Bruce Willis Couldn’t Save Us From Asteroid Doom
The Mayan calendar, which ends in 2012, was based on astronomical cycles.
According to the internet hysteria surrounding the ancient Mayan calendar, an asteroid could be on its way to wipe out the world on December 21, 2012.
Obviously this is pretty unlikely — but if an asteroid really is on its way, could we take a cue from the disaster movie ‘Armageddon’ in order to save the planet?
According to science research carried out by University of Leicester physics students, the answer is definitely “no”.
In the 1998 film, Bruce Willis plays an oil-drilling platform engineer who lands on the surface of an Earth-bound asteroid, drills to the center and detonates a nuclear weapon, splitting the asteroid in half.

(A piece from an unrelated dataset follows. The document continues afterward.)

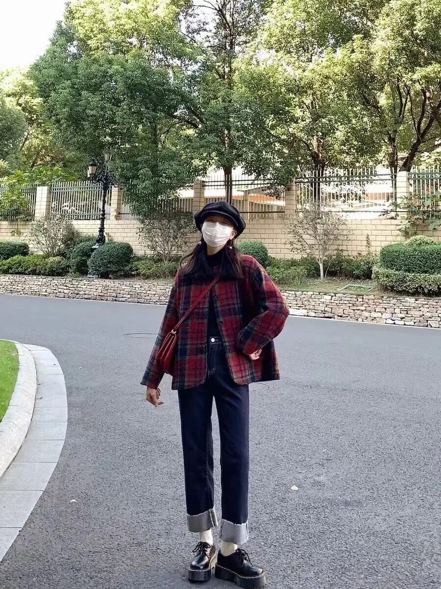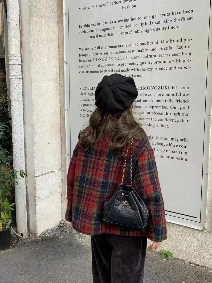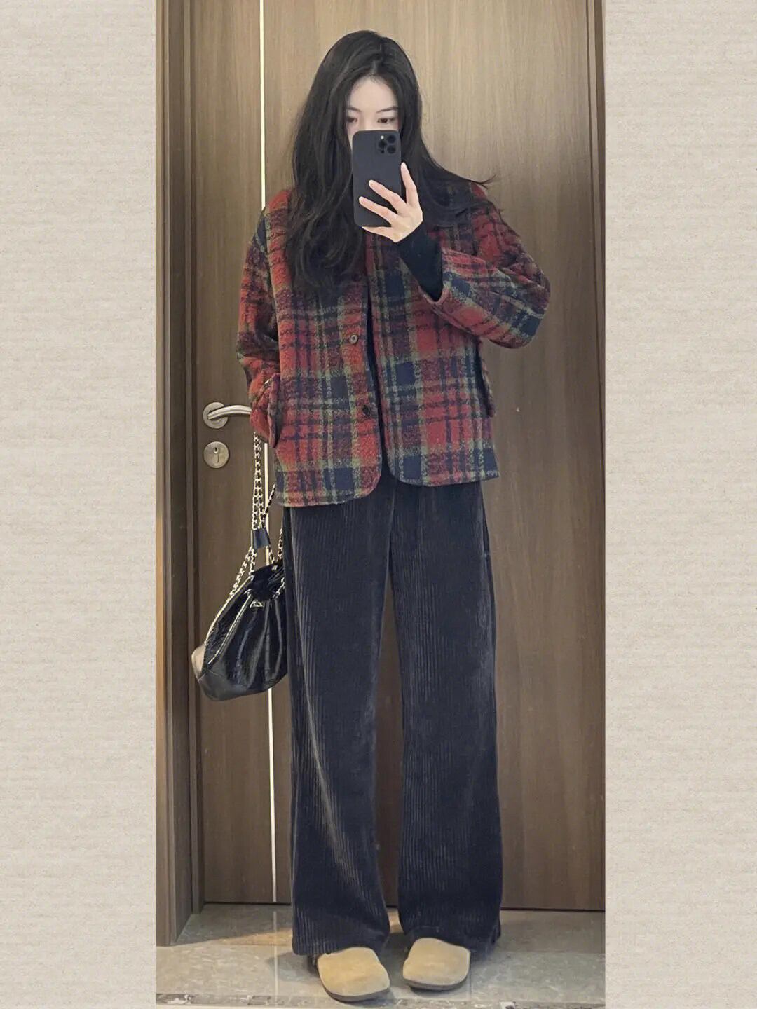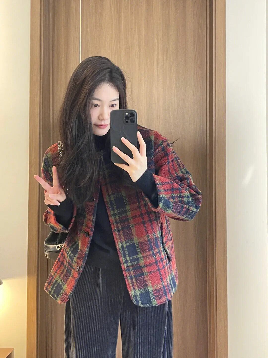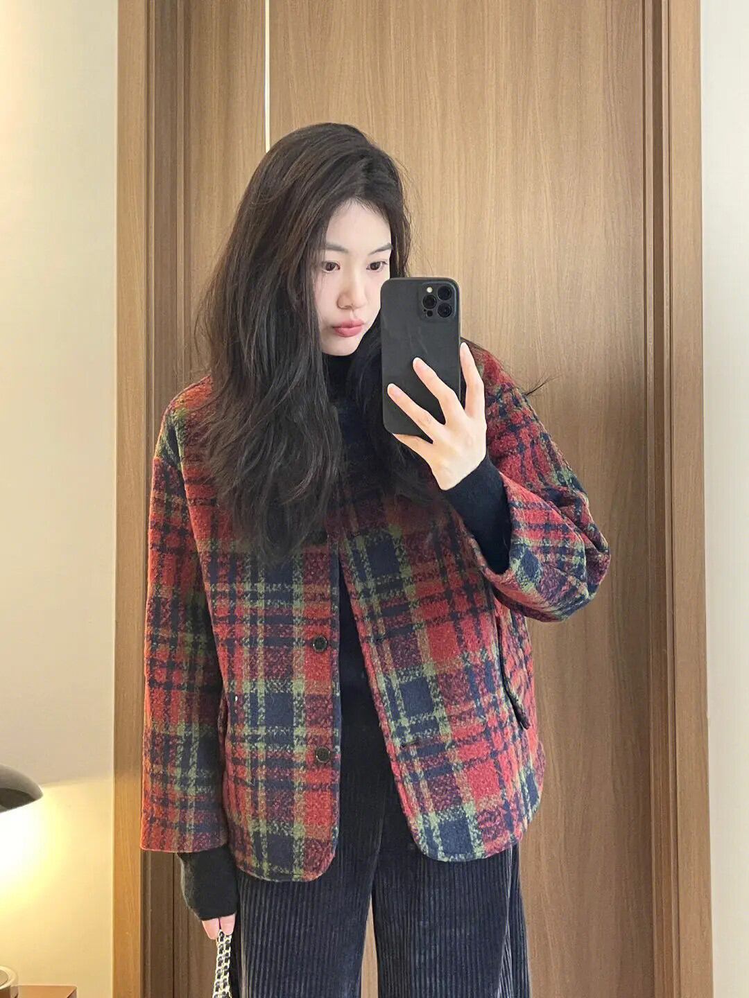 赤い格子縞ジャケット春秋気質ウールコート レッド スプリング 春物 オータム 秋物
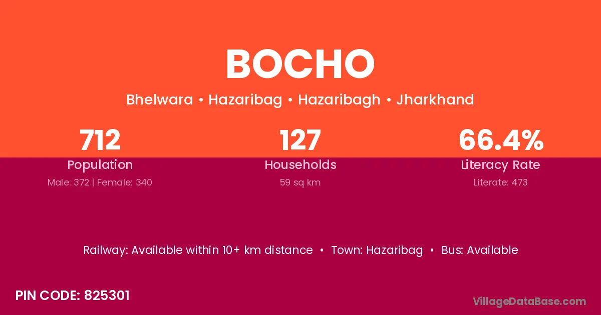 Hazaribag is the nearest town to Bocho village for major economic activities

The two pieces of the asteroid then pass either side of the Earth, saving the planet’s population from annihilation.
But the group of four MPhys students worked out that this method would not work, as we simply do not have a bomb powerful enough.

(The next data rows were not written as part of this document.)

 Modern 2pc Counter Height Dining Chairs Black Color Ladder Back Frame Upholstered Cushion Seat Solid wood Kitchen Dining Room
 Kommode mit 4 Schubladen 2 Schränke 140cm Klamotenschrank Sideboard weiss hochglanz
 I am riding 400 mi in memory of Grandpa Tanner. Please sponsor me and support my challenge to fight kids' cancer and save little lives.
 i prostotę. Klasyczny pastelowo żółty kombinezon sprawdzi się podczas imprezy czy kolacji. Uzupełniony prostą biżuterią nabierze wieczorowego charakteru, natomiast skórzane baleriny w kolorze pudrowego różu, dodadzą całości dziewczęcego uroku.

Students Ben Hall, Gregory Brown, Ashley Back and Stuart Turner found that the device would need to be about a billion times stronger than the biggest bomb ever detonated on Earth — the Soviet Union’s 50 megaton hydrogen bomb “Big Ivan” — in order to save the world from a similar sized asteroid.
To do this, they devised a formula to find the total amount of kinetic energy needed in relation to the volume of the asteroid pieces, their density, the clearance radius (which was taken as the radius of Earth plus 400 miles), the asteroid’s pre-detonation velocity, and its distance from Earth at the point of detonation.

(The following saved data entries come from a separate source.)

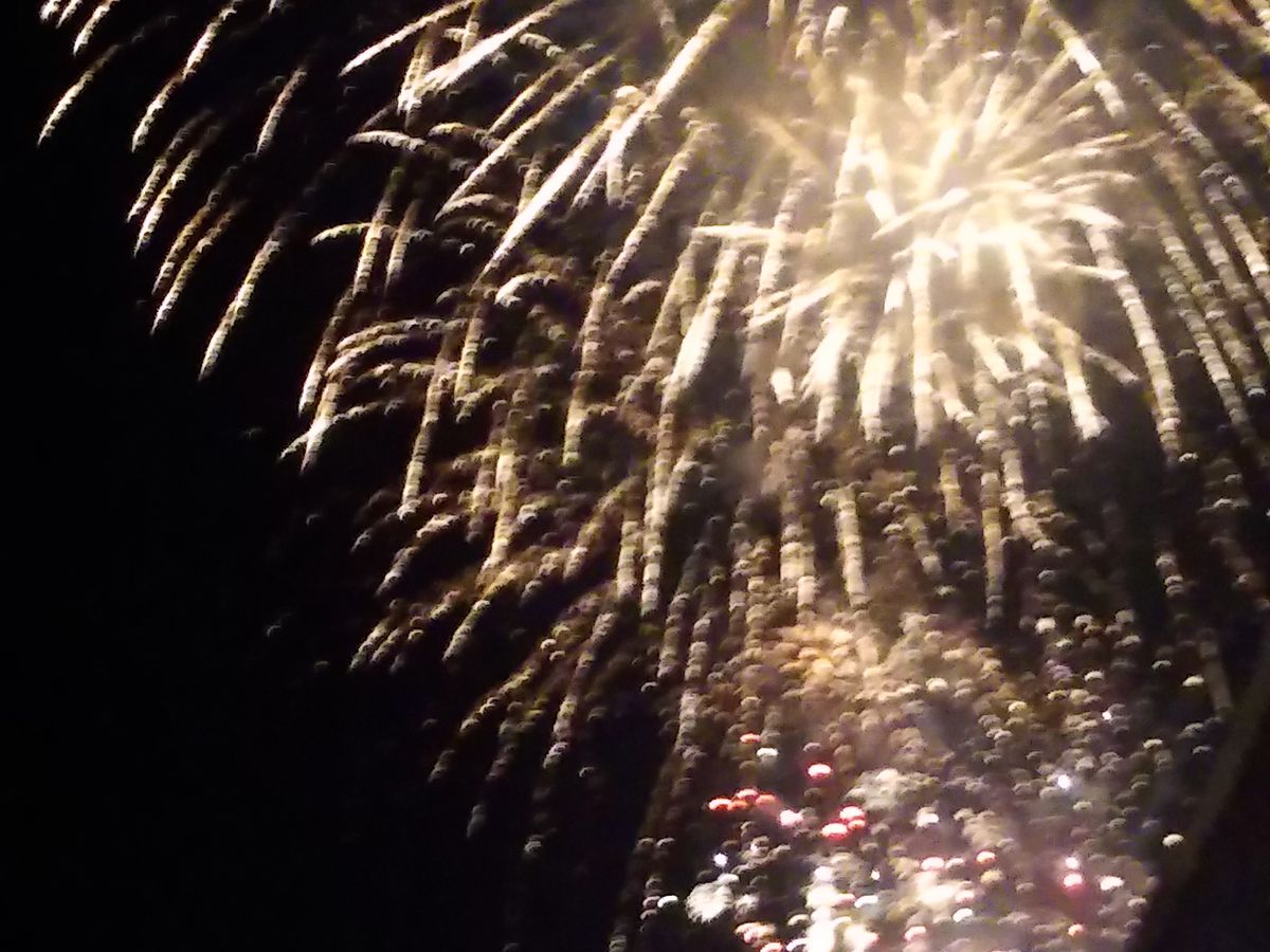 料理はバイキングなのでまずまず、ビールを飲みながら夜風に吹かれて、船上のため建物に邪魔されずに花火が見られたので良かったです。
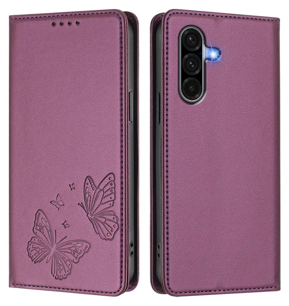 Lederhülle für Samsung Galaxy A56, Schmetterling Prägung Leder Brieftasche Schutzhülle mit Ständer Lila
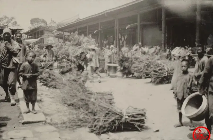 这是个柴草市场场景,一小捆一小捆的树枝、枯柴,全被码在地上,买卖人在中间讨价还价,穷人家买不起煤,只能靠这些树枝烧火做饭,冬天冷的时候,屋里炉膛里呼啦啦着火,抬眼全是柴草味,小时候见大人往地里钻,谁捡回多点柴,谁晚上心里才踏实,现在城里人哪还为烧柴操心,那会儿却是天大的事。
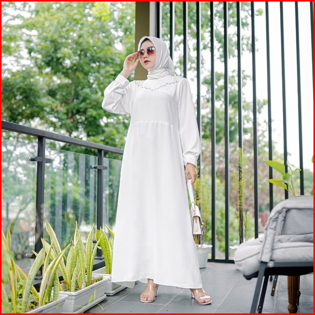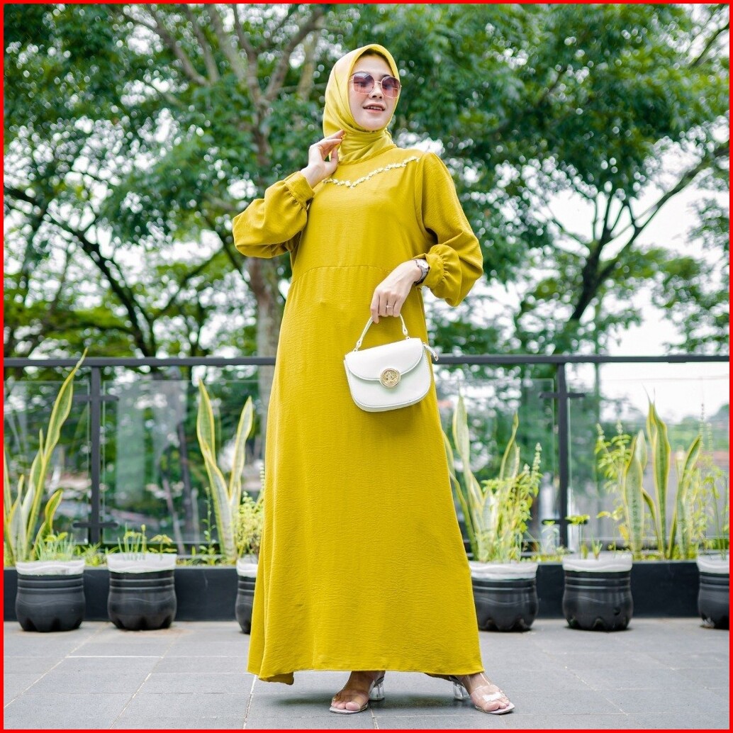 Ademinco Muthia Gamis Crinkle Airflow Pakaian Muslim Wanita Busui Manik
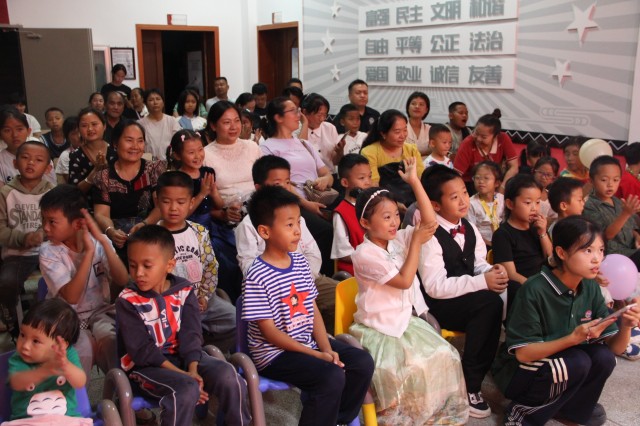 在2024年7月22日晚,临沧市沧源佤族自治县勐董镇文体活动中心里洋溢着欢声笑语,推普小先生课堂展演在这里激情上演,邀请了众多学生家长驻足观赏。通过丰富多彩的艺术形式,展现了当代少年儿童的爱国情怀与多才多艺。
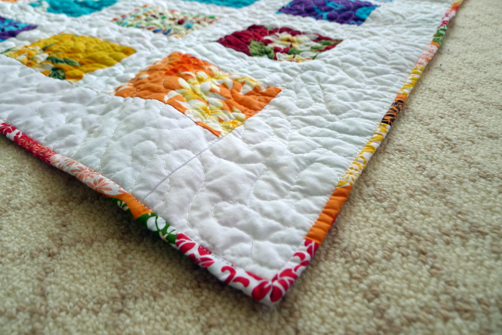 So I made this quilt for my sister-in-law Kathryn, who is expecting her first baby in just a few weeks. H can’t wait to meet her little cousin CJ, but since he’s been getting all the attention (and quilts made by my mom) I wanted to make something for Kathryn during her hospital stay. I brought my Rainbow Quilt to the hospital when H was born, and I was so glad I did. It made such a difference to have something personal and cheery to liven up the depressing side of days spent in the hospital.
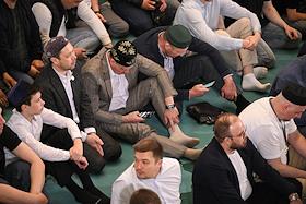 Праздник жертвоприношения Курбан-Байрам в Московской Соборной мечети. Верующие перед началом…
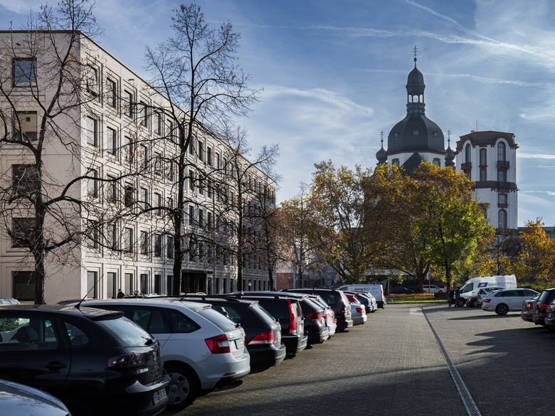 Die Form des Baukörpers leitet sich aus der Wiederherstellung der für die Stadt prägnanten Blockstruktur ab. So entsteht auch die Ergänzung und Komplettierung des Stadtprospektes von Süden im Zusammenhang mit dem Schloss, der Jesuitenkirche und der Sternwarte. Besonders die architektonische Haltung der Fassade spielt hier eine wichtige Rolle: Die Südostecke von B6 besitzt eine betont ruhige und geschlossene Wirkung. Der Haupteingang des Neubaus liegt zwar an der Straße, ist jedoch als Durchgang zum Blockinneren ausgebildet, so dass auch von dort ein gleichwertiger Zugang entsteht.

Using the measurements and properties of the asteroid as stated in the film, the formula revealed that 800 trillion terajoules of energy would be required to split the asteroid in two with both pieces clearing the planet. However, the total energy output of “Big Ivan” only comes to 418,000 terajoules.
In other words, we would need to construct a bomb about a billion times stronger than the most powerful weapon ever built in order to save the world in this way.
Reserachers devised a formula to find the total amount of kinetic energy (E) needed in relation to the volume of the asteroid pieces (⅔πr3), their density (ρ), the clearance radius (R) which was taken as the radius of Earth plus 400 miles, the asteroid’s pre-detonation velocity (ν1) and its distance from Earth at the point of detonation (D). Credit: University of Leicester
They also found that scientists would have to detect the asteroid much earlier if we were to have any chance of splitting the asteroid in time.
On top of this, the asteroid would need to be split at almost the exact point that it could feasibly be detected at 8 billion miles.
This would leave no time for Bruce to travel to the asteroid and drill into its center — let alone share any meaningful moments with Ben Affleck or Liv Tyler along the way.
Student Ben Hall, 22, from Haverhill, near Cambridge, said: “One possible alternative method would be moving the asteroid via propulsion methods attached to it. What is certain is that most methods would require very early detection of such an asteroid and very careful planning in deriving a solution.
“I really enjoyed the film ‘Armageddon’ and up until recently never really considered the plausibility in the science behind the movie. But after watching it back I found myself being more skeptical about the film in many areas.
“I think that directors attempt to make films scientifically accurate but find that a lot of trouble is run into in what can and cannot be done, thus leading to falsification in the science to make movies more interesting or visually appealing to the audience.”
The science papers, entitled “Could Bruce Willis Save the World?” and “Could Bruce Willis Predict the End of the World?” were published in this year’s University of Leicester Journal of Special Physics Topics.
The journal is published every year, and features original short papers written by students in the final year of their four-year Master of Physics degree.
An artistic expression of how a large meteorite impact into the sea might look. Credit: Carsten Egestal Thuesen, GEUS
Ben, who graduated with a First last month and is due to start working at Coalville-based optical technology company Zeeko in August, added: “The module was great fun to be involved with as it allowed for us to get our creative juices flowing and attack original problems from different angles. The whole publishing and reviewing process also gave us a very good taster of what it is like to publish papers in the ‘real world’ as well as being a good simulation of the problems that arise when doing so.”
The other three group members also graduated with Firsts, and are set to start PhDs.
Course leader Dr. Mervyn Roy, a lecturer at the University’s Department of Physics and Astronomy, said: “A lot of the papers published in the Journal are on subjects that are amusing, topical, or a bit off-the-wall. Our fourth years are nothing if not creative! But, to be a research physicist — in industry or academia — you need to show some imagination, to think outside the box, and this is certainly something that the module allows our students to practice.
“Most of our masters students hope to go on to careers in research where a lot of their time will be taken up with scientific publishing — writing and submitting papers, and writing and responding to referee reports.
“This is another area where the module really helps. Because Physics Special Topics is run exactly like a professional journal, the students get the chance to develop all the skills they will need when dealing with high profile journals like Nature or Science later on in life.”